Non continuous solutions to $f(\lambda x)=f(x)$ I know that the only continuous solutions to the equations $f(x)=f(\lambda x)$ for $x\in[0,1],\lambda\in(0,1)$ where $\lambda$ is given - are the constant functions.
Are there non trivial solutions which are not equivalent to some constant function in $L^2[0,1]$?
 A: Yes.
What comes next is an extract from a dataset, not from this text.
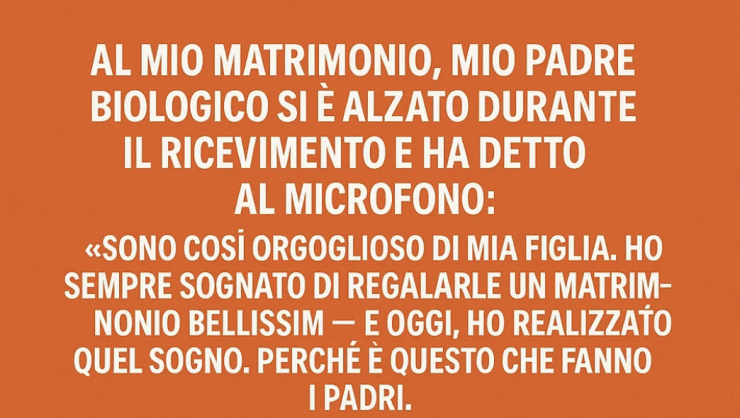 Al mio matrimonio, mio padre biologico si è alzato durante il ricevimento e ha detto al microfono:

The orbits of the map $x\mapsto \lambda x$ are the countable sets $$C_x=\{y\in [0,1]\,:\, \exists n\in\Bbb Z, \lambda^nx=y\}$$
Therefore you can assign freely to each $C_x$ a different real value $c_x$, and set $f$ equal to that value on $C_x$: if you do so, every constant function $M$ can only be equal to $f$ on a countable set (and therefore $f\ne M$ almost everywhere), while of course $f(x)=f(\lambda x)$ for all $x$ by the function being constant on the orbits of $x\mapsto \lambda x$.
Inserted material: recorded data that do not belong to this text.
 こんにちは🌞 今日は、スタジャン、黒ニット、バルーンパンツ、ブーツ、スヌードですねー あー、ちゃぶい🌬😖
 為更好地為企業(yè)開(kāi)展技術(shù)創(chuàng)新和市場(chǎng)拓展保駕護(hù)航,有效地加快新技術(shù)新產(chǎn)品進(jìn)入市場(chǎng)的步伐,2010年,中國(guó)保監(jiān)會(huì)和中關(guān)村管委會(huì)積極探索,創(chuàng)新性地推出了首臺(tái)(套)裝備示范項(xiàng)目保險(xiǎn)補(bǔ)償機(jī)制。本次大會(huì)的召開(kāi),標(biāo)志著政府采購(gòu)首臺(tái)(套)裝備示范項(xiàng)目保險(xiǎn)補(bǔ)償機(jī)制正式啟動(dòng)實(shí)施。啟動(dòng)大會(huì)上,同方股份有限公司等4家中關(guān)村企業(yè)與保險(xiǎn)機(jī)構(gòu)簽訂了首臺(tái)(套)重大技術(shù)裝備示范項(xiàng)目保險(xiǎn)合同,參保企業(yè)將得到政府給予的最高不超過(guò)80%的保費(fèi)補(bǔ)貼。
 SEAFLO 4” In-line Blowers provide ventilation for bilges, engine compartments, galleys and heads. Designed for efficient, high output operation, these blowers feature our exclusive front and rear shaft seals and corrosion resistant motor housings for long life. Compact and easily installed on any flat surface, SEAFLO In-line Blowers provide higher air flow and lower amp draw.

For a concrete instance of such a function, you can consider \begin{align}f(x)&=\max C_x=\max\{y\in[0,1]\,:\, \exists n\in\Bbb Z,\ \lambda^nx=y\}=\\&=\begin{cases}0&\text{if }x=0\\ x^{\left\lceil -\log_\lambda x\right\rceil}&\text{if }x>0\end{cases}\end{align}
A: Consider an arbitrary function $\phi(x)$ defined over $(\lambda,1]$. Then you extend it by stretching to $f(x):x\in(\lambda^2,\lambda]\to f(x)=\phi(x\lambda^{-1})$, then $x\in(\lambda^3,\lambda^2]\to f(x)=\phi(x\lambda^{-2})$ and so on.  Finally, $f(0)$ is arbitrary.